On Mon 30-10-17 13:00:23, Dave Chinner wrote:
> On Sun, Oct 29, 2017 at 04:46:44PM -0700, Dan Williams wrote:
> > Coming back to this since Dave has made clear that new locking to
> > coordinate get_user_pages() is a no-go.
> > 
> > We can unmap to force new get_user_pages() attempts to block on the
> > per-fs mmap lock, but if punch-hole finds any elevated pages it needs
> > to drop the mmap lock and wait. We need this lock dropped to get
> > around the problem that the driver will not start to drop page
> > references until it has elevated the page references on all the pages
> > in the I/O. If we need to drop the mmap lock that makes it impossible
> > to coordinate this unlock/retry loop within truncate_inode_pages_range
> > which would otherwise be the natural place to land this code.
> > 
> > Would it be palatable to unmap and drain dma in any path that needs to
> > detach blocks from an inode? Something like the following that builds
> > on dax_wait_dma() tried to achieve, but does not introduce a new lock
> > for the fs to manage:
> > 
> > retry:
> >     per_fs_mmap_lock(inode);
> >     unmap_mapping_range(mapping, start, end); /* new page references
> > cannot be established */
> >     if ((dax_page = dax_dma_busy_page(mapping, start, end)) != NULL) {
> >         per_fs_mmap_unlock(inode); /* new page references can happen,
> > so we need to start over */
> >         wait_for_page_idle(dax_page);
> >         goto retry;
> >     }
> >     truncate_inode_pages_range(mapping, start, end);
> >     per_fs_mmap_unlock(inode);
> 
> These retry loops you keep proposing are just bloody horrible.  They
> are basically just a method for blocking an operation until whatever
> condition is preventing the invalidation goes away.

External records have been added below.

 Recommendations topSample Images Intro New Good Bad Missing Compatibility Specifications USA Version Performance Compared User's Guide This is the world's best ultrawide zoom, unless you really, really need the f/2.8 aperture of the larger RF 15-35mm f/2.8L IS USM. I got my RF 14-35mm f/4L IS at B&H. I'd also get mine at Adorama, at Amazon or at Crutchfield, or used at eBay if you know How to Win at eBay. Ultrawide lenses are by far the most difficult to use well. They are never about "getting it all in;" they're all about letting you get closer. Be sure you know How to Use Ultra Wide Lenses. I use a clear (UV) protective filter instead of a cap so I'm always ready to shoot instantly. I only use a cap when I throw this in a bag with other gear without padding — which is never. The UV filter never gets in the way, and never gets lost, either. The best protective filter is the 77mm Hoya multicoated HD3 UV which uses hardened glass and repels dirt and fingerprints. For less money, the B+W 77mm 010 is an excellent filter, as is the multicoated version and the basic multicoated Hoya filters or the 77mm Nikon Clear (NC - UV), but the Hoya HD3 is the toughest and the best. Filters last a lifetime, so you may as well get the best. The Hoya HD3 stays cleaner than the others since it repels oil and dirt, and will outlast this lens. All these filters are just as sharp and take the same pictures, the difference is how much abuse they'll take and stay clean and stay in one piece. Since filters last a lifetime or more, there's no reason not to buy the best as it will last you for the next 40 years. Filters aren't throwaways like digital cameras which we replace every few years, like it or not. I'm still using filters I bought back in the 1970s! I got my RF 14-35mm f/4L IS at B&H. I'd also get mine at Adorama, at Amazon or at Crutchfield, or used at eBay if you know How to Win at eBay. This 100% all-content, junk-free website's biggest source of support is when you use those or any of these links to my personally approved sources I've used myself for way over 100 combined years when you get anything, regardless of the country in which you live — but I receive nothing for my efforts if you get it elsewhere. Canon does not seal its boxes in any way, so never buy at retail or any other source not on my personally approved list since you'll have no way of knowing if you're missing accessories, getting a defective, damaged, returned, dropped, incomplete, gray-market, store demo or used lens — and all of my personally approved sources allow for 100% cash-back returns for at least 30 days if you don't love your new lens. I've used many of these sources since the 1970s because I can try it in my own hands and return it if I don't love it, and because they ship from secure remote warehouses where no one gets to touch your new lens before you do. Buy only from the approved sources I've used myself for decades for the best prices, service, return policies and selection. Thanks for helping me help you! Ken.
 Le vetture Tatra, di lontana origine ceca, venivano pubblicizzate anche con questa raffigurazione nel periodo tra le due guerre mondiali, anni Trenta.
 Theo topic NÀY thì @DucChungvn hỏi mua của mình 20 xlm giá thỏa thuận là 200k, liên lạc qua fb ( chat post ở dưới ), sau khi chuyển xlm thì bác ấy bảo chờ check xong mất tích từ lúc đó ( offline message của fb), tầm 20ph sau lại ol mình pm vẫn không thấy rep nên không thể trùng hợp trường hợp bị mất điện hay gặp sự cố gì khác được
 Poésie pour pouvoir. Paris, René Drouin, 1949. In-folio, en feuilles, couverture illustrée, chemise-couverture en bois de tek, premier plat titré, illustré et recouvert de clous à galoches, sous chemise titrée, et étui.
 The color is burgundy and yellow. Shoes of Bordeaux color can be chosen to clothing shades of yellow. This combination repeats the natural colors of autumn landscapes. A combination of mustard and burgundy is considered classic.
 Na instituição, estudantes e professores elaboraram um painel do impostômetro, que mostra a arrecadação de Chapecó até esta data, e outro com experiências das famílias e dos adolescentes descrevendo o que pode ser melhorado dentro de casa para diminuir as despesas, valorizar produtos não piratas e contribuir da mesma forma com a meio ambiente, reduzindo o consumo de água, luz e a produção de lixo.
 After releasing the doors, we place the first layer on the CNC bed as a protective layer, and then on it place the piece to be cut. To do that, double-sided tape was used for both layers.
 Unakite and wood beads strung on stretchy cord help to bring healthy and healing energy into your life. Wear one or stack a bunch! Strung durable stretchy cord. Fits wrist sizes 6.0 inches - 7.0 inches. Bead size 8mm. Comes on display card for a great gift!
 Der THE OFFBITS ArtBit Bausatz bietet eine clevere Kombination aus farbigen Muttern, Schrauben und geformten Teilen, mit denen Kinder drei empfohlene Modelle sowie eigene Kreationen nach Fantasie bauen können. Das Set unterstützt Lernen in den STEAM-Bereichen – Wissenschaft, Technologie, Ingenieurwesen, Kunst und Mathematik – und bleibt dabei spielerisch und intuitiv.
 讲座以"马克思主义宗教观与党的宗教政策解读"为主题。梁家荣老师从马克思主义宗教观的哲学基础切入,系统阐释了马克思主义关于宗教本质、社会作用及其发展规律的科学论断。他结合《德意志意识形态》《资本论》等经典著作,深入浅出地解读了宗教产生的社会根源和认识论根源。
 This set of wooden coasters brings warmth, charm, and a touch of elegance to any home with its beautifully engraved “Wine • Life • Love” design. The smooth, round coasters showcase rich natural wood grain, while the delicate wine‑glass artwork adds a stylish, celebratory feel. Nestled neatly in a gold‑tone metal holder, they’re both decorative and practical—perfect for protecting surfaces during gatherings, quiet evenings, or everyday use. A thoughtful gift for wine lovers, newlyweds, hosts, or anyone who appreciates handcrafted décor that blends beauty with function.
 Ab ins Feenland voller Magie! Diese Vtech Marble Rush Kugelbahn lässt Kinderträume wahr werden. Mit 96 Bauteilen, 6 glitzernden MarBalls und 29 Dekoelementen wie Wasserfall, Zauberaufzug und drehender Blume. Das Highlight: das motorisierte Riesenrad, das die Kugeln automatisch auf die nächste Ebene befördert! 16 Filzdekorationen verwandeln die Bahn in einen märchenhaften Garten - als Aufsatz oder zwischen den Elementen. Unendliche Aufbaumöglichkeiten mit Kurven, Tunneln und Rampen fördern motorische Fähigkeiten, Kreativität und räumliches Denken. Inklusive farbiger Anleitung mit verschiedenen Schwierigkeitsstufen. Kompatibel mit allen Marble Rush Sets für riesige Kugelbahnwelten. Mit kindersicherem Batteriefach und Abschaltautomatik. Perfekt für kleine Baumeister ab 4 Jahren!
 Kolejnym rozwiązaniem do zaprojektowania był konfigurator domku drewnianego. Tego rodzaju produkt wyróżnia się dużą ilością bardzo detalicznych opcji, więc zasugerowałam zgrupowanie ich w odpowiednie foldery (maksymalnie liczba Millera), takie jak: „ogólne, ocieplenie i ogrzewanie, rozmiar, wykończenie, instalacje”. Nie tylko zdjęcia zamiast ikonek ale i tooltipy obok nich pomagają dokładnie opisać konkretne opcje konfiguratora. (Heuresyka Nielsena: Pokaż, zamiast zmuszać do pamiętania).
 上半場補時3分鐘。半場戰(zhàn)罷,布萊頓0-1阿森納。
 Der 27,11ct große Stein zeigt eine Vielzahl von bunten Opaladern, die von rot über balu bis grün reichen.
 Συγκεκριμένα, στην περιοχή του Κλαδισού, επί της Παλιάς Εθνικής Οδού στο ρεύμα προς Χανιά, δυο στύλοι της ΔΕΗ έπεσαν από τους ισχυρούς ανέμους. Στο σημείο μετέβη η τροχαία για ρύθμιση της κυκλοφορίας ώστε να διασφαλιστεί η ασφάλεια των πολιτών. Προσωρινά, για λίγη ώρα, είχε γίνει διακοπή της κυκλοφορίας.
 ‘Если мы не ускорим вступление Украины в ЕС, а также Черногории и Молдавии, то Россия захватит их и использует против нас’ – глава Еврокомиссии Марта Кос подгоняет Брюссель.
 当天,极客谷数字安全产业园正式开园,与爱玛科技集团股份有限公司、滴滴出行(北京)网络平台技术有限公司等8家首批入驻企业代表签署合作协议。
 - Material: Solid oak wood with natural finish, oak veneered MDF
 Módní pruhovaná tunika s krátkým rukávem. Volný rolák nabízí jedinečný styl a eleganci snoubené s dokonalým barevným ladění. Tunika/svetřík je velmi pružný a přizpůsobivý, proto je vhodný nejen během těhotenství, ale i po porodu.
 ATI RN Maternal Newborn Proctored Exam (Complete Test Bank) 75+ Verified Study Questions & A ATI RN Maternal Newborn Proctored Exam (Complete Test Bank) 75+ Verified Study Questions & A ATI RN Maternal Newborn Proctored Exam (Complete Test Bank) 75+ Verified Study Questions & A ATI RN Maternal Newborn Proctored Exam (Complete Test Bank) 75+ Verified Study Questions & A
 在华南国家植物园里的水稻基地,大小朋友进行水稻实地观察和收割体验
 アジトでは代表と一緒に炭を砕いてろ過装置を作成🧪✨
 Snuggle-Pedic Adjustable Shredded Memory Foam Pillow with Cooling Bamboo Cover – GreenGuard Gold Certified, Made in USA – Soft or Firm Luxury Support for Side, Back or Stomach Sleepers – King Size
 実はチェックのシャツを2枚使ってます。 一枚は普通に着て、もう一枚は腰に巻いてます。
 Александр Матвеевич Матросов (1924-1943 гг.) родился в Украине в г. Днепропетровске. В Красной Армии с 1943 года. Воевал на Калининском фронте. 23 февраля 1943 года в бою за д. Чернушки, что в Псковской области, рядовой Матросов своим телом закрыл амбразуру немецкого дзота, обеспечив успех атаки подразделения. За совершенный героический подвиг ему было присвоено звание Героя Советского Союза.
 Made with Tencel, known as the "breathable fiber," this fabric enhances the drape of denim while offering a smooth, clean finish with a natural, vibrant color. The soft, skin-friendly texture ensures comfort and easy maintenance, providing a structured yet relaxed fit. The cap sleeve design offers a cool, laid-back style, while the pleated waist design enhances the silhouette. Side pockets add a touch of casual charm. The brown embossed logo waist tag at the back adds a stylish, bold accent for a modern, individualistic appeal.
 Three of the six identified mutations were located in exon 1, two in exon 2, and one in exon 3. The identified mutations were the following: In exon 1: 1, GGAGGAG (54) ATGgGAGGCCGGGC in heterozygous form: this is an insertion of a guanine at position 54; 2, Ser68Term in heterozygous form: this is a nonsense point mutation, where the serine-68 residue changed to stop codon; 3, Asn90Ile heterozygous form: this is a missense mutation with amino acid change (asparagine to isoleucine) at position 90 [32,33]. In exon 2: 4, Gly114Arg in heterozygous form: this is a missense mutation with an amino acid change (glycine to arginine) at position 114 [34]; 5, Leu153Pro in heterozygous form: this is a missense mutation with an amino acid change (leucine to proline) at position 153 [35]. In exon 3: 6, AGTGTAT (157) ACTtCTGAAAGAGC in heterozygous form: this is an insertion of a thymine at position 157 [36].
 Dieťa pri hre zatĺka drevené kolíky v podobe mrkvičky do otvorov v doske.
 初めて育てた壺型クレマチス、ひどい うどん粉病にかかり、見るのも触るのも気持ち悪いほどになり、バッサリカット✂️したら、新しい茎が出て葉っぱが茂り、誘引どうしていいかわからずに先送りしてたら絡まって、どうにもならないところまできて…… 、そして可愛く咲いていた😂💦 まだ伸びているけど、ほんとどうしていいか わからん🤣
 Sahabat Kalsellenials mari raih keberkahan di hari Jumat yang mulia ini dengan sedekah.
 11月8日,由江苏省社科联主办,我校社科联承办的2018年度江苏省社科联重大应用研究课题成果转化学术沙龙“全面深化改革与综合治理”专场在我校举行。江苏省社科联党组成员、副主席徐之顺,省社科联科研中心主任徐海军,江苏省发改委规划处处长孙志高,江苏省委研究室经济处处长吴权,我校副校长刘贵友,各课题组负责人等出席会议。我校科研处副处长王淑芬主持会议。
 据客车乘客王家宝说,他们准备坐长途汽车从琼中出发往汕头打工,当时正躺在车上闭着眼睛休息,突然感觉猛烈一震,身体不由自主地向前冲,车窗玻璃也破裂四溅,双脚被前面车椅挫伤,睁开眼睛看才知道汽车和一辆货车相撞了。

IMO, that's an
> ugly solution no matter how much lipstick you dress it up with.
> 
> i.e. the blocking loops mean the user process is going to be blocked
> for arbitrary lengths of time. That's not a solution, it's just
> passing the buck - now the userspace developers need to work around
> truncate/hole punch being randomly blocked for arbitrary lengths of
> time.

So I see substantial difference between how you and Christoph think this
should be handled. Christoph writes in [1]:

The point is that we need to prohibit long term elevated page counts
with DAX anyway - we can't just let people grab allocated blocks forever
while ignoring file system operations.  For stage 1 we'll just need to
fail those, and in the long run they will have to use a mechanism
similar to FL_LAYOUT locks to deal with file system allocation changes.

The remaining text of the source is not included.